*Required work*.
Skip every picture while you write out the records below, from the first line through the one that contains "Tak hanya satu, idol", both ends kept.
*** Data to examine
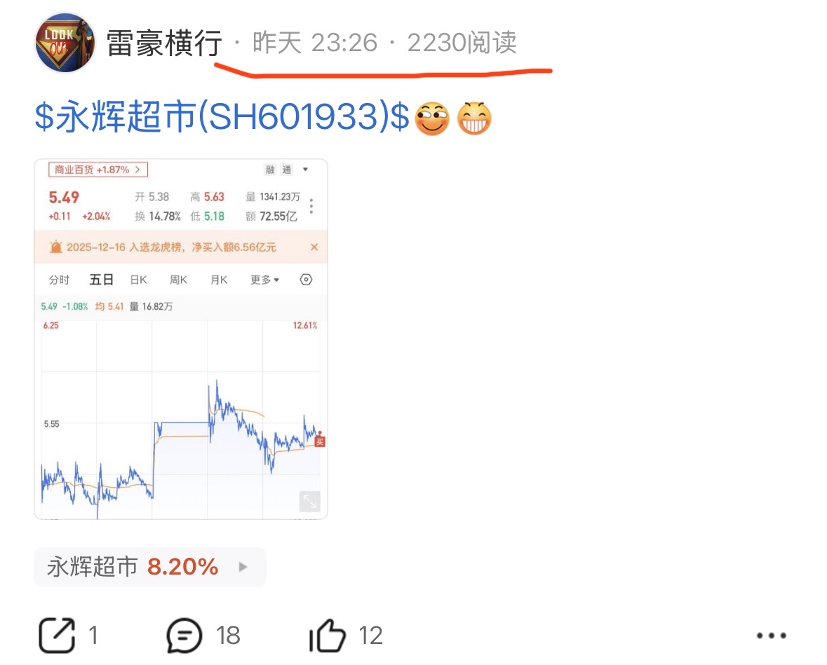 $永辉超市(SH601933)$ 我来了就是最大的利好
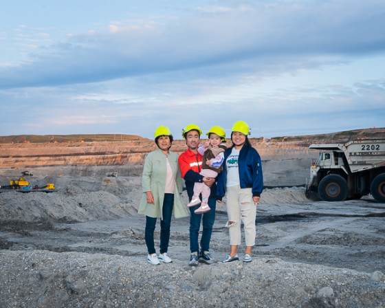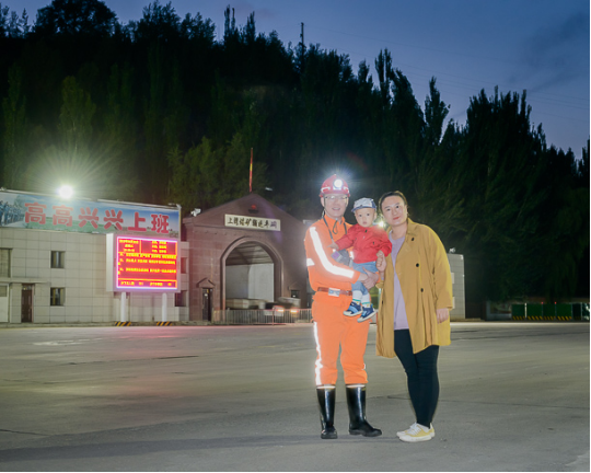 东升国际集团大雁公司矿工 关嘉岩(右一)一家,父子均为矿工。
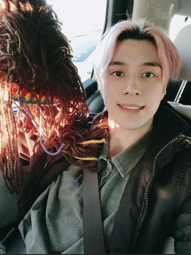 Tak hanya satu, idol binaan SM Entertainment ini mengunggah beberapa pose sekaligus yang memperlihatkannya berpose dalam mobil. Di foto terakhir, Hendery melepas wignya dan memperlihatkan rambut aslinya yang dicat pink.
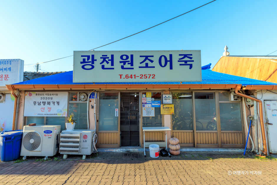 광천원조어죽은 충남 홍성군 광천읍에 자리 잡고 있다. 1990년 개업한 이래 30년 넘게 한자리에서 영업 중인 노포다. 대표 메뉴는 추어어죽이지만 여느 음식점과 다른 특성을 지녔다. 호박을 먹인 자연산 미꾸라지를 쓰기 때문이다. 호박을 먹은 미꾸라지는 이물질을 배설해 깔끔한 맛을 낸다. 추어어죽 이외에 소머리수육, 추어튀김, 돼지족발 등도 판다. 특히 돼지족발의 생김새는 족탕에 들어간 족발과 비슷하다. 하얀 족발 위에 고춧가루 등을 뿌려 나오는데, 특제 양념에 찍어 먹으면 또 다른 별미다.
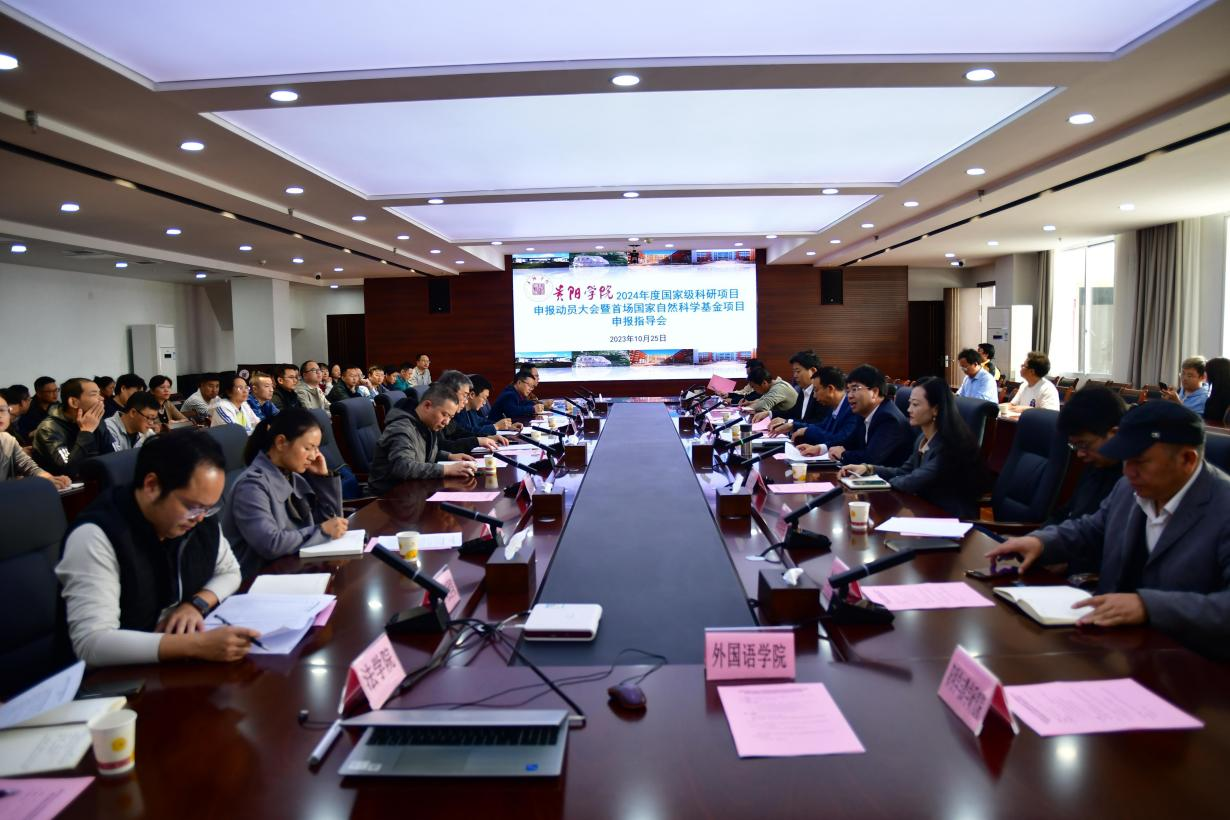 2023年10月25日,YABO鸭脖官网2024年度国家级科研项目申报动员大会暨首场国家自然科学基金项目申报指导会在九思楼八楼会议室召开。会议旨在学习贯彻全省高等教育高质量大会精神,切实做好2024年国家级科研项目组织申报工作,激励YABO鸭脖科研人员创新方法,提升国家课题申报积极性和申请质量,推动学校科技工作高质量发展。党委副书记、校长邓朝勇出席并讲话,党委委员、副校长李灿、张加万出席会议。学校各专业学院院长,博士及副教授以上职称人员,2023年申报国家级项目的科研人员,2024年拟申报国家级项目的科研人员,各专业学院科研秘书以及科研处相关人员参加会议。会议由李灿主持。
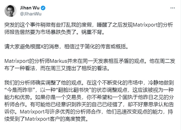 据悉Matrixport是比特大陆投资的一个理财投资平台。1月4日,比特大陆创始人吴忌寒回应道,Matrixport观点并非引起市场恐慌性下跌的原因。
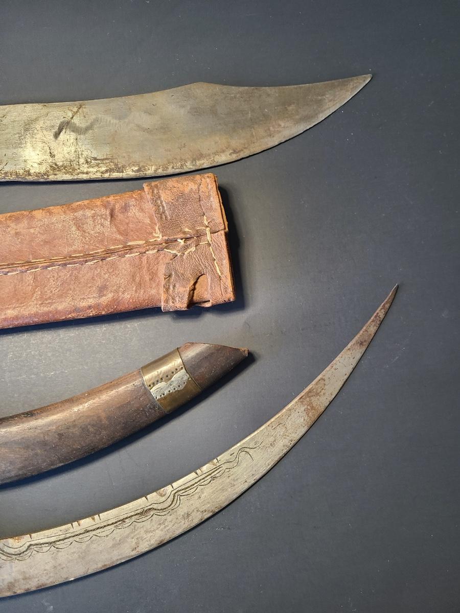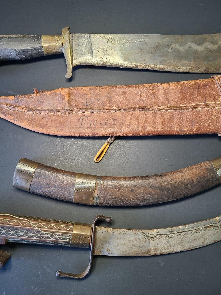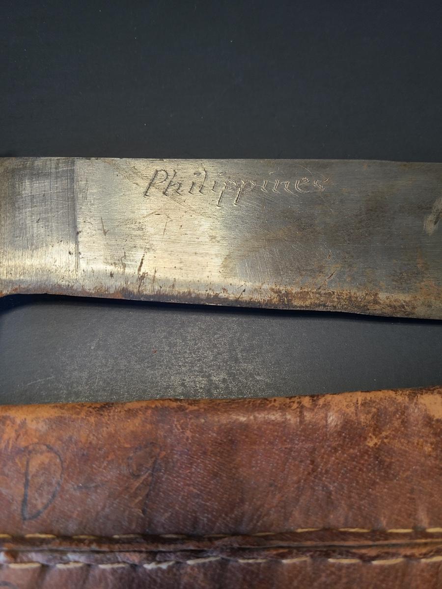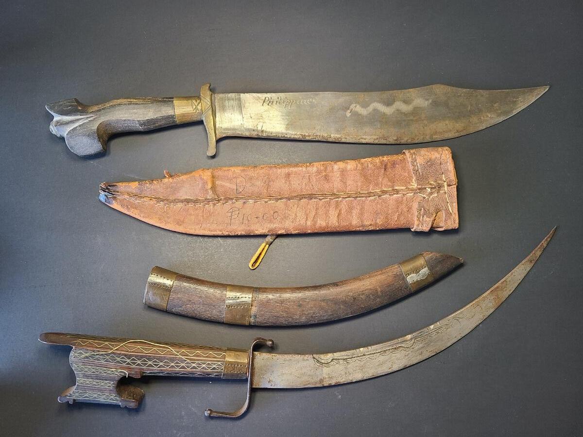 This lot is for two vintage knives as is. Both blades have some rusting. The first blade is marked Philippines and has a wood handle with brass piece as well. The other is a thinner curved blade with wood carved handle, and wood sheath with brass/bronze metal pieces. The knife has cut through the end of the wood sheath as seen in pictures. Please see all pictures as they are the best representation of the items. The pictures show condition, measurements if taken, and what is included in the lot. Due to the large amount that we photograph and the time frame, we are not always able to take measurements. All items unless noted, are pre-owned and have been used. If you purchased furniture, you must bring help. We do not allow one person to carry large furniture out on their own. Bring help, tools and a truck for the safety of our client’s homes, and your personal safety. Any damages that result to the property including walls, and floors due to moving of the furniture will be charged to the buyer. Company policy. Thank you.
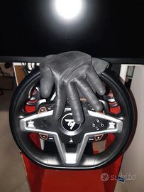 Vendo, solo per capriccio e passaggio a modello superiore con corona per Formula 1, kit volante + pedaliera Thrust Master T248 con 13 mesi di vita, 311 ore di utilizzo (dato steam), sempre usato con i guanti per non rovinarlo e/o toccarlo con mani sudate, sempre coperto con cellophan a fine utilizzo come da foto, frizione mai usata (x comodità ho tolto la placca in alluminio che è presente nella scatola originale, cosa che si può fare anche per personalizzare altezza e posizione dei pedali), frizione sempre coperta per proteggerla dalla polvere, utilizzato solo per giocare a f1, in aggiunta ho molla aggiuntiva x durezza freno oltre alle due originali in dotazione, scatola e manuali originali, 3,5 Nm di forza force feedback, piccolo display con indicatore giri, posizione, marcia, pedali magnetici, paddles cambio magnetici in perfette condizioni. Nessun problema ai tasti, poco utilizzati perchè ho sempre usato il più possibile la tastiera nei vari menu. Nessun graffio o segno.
******
*Written solution*.
 $永辉超市(SH601933)$ 我来了就是最大的利好
 东升国际集团大雁公司矿工 关嘉岩(右一)一家,父子均为矿工。
 Tak hanya satu, idol binaan SM Entertainment ini mengunggah beberapa pose sekaligus yang memperlihatkannya berpose dalam mobil. Di foto terakhir, Hendery melepas wignya dan memperlihatkan rambut aslinya yang dicat pink.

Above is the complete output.